Dizia Caetano que em seus podres poderes, os homens avançam os sinais vermelhos e perdem os verdes. Como boçais. Assim procedem as instituições de saúde de nossa cidade, buscando verbas e recursos para equipamentos enquanto desprezam o vinculo materno infantil proporcionado pelo Método Mãe Canguru que permite às mães estarem com seus filhos oferecendo-lhes amor, calor e leite materno. Nenhuma instituição de saude de nossa cidade o aplica, conquanto existam aqui dezenas de leitos de terapia intensiva neonatal.
Sobreviventes dessa boçalidade, as mães prematuras percebem-se felizes a cada gramo de peso conquistada por seu filho. Cada gesto novo. Cada dia a mais livre do oxigênio é comemorado como grande vitória, digna de um grande premio. Não há detalhes para a mãe prematura e para seu filho. Tudo é milagrosamente grande e impressionante.

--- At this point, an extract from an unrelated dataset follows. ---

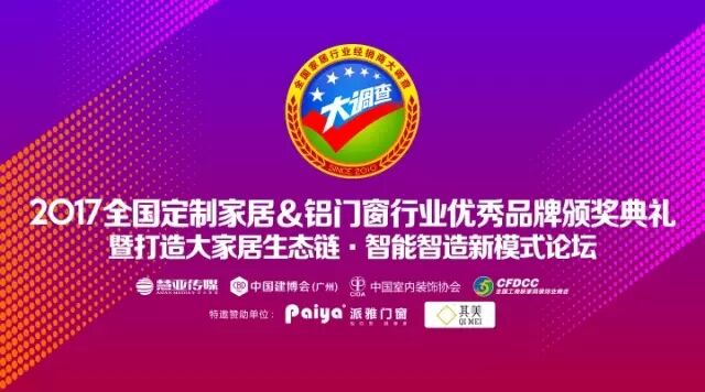 2017中國建博會(廣州)在7月11日落下帷幕。展會期間,2017全國家居行業(yè)經(jīng)銷商大調(diào)查暨定制家居&鋁門窗行業(yè)優(yōu)秀品牌頒獎典禮于廣交會展館B區(qū)8號會議室圓滿落幕,此次活動由中國建博會和慧亞傳媒主辦,并得到了中國室內(nèi)裝飾協(xié)會、全國工商聯(lián)家具裝飾業(yè)商會、廣東省定制家居協(xié)會、廣東省衣柜行業(yè)協(xié)會、廣東省門業(yè)協(xié)會、中國智慧人居產(chǎn)業(yè)促進(jìn)會、四川省定制家居協(xié)會等單位的大力支持;同時獲得佛山市南海派雅門窗制品有限公司、佛山其美裝飾材料有限公司/河南其美裝飾材料有限公司的鼎力支持;更有飛宇門窗、帝奧斯門窗、云米科技、歐派克、帕萊德等為盛典提供支持。本次活動同期舉辦打造大家居生態(tài)鏈OR智能智造新模式定制行業(yè)發(fā)展論壇,現(xiàn)場行業(yè)大咖匯聚一堂,共同探討家居行業(yè)發(fā)展新方向,現(xiàn)場更正式揭幕定制家居&鋁門窗行業(yè)優(yōu)秀品牌七大獎項!

Cada pequena conquista e cada minima queda são comparadas a um Everest ou a um grande abismo. E é necessariamente dolorosa e real sua relação diária com a morte iminente, com a piora constante, com a perda...
Se só mesmo as mães são felizes, como afirma Cazuza, maior felicidade pertence às mães prematuras e a seu exemplo de vida.
Haverá um dia no mundo alguma tarefa mais nobre que a de cuidar, alimentar e fazer crescer com segurança e alegria a vida de um bebe prematuro. Mas isso é matéria dos Anjos e segredo de Deus que não pertence à vida homens nem a seus dias.
À mãe prematura, nossa veneração e nosso carinho nessa data tão dela.